When using the equation t=R*C, R is the load resistance when referring to discharge, and how would that be determined or estimated in a car? I'm trying to plug in numbers to solve for the RC time constant. How is R found, when a capacitor is wired in parallel to amp, battery, etc
Quote:
 Originally posted by sss when there is nothing connected to the cap it is being discharged through the internal resistance , if u put it in the car , connected near the power amp , then it is d=ischarged through the amp , the internal res is not important in this case because its too high compared to the amp
I do know how capacitors are discharged when wired in series to a resistor or not wired to anything. But when it's placed in a car's circuit, traditionally it's wired in parallel to all electronics and battery. So really it wouldn't release its energy just to the amp, but into the load, correct? So what would be used I determining the resistance for discharge.
Also, if the internal resistance of the cap. is the highest resistance as seen by the cap(which I don't see how it could be higher than the load resistance in a car), then wouldn't it be the influencing factor in discharge?
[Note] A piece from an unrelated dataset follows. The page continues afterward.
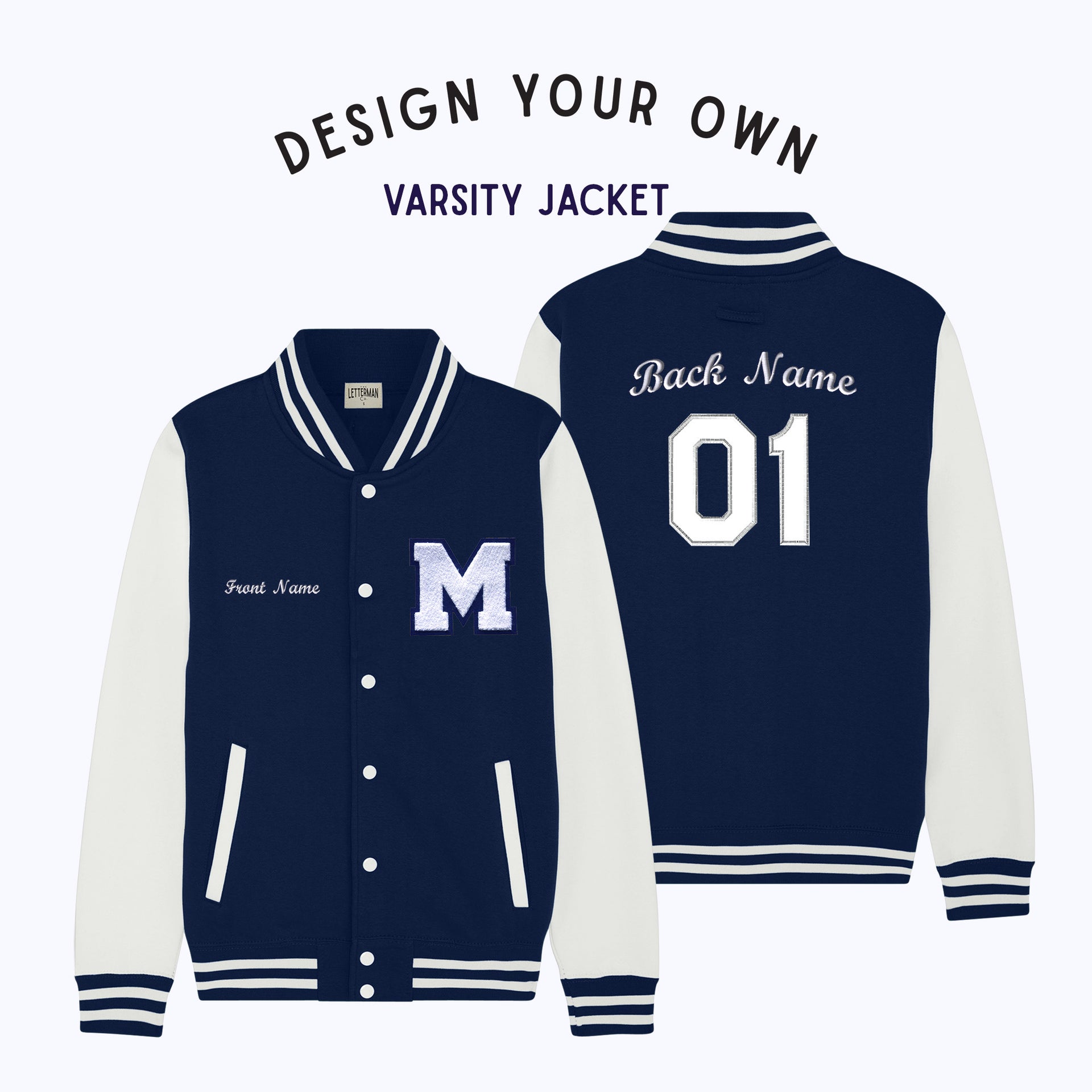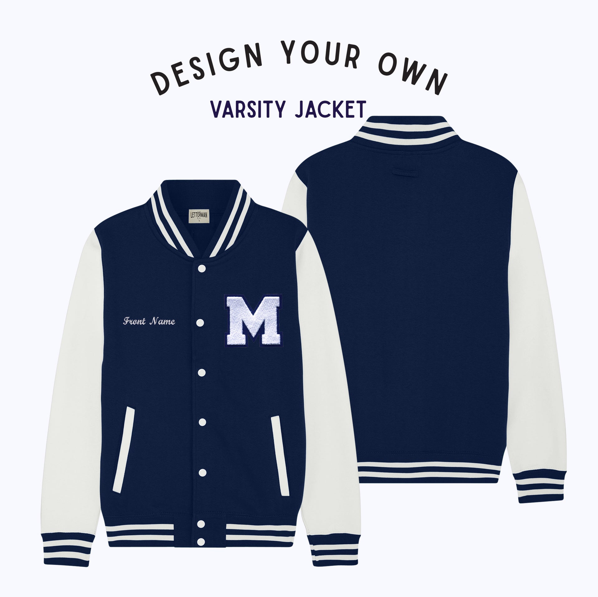 Sweatshirt Varsity Jacket with Varsity Letter Patch. Option to add embroidered name(s) & appliqué number*

 10th June 2005, 02:54 PM #9 sss   diyAudio Member     Join Date: Jul 2003 Location: Israel , haifa i think u are confused here amp is the load !!all the electric circuits of your car are the load can u tell us what are u trying to do ? that equation is also worthless in that case because the load is changing __________________ if you are not living on the edge you are taking too much space
 10th June 2005, 05:46 PM #10 Bill Fitzpatrick   diyAudio Member     Join Date: Jun 2001 Location: Eugene, OR The cap only releases energy when the car's supply voltage drops below the cap voltage because that's the only condition under which cap current can flow. In this case current flows from the cap only until the cap voltage is equal to the supply voltage. In normal car operation (no high power audio) the cap will track the supply voltage with a lag of 100 microseconds, give or take. It can be said, then, that there is essentially no load on the cap. So, things like lights, air, etc. don't load the cap except for the extremely brief period of time it takes for the car's electrical system to recover after these items are first switched on. The charged cap shortens the recovery time but that's beside the point. So, now to audio. A huge bass note causes much current to flow into the amp. This causes the car's voltage to drop because it's trying to supply a lot of current through it's own internal resistance. Fortunately for us, we have a big cap attached to the amp's supply. The cap senses the reduced supply voltage and attempts to bring it back up to it's own voltage. This works only until the cap has discharged to the point where it's own voltage is equal to the supply voltage. At that point, it quits helping. That's OK though because the bass note is probably over by now anyway. The car's voltage goes back up and the cap recharges. All this occurs in about 1ms again, give or take. Maybe you knew all this. The point is that there is NO load on the cap except during the time that the car's supply voltage is less that that of the cap. If you were to look at the current through the cap with some loud bass content music playing, you would see that it is pulsating and these pulses are pretting much in sync with the voltage differential between the cap and the car's supply. I say pretty much in sync because the ESR of the cap causes a slight delay. So, regarding the time constants. The factors are ESR, cable resistance, capacitance and voltage differential between the cap and the supply line. BTW, contrary to a previous post, a cap does not discharge through it's ESR. Unattached, a cap discharges through it's leakage resistance.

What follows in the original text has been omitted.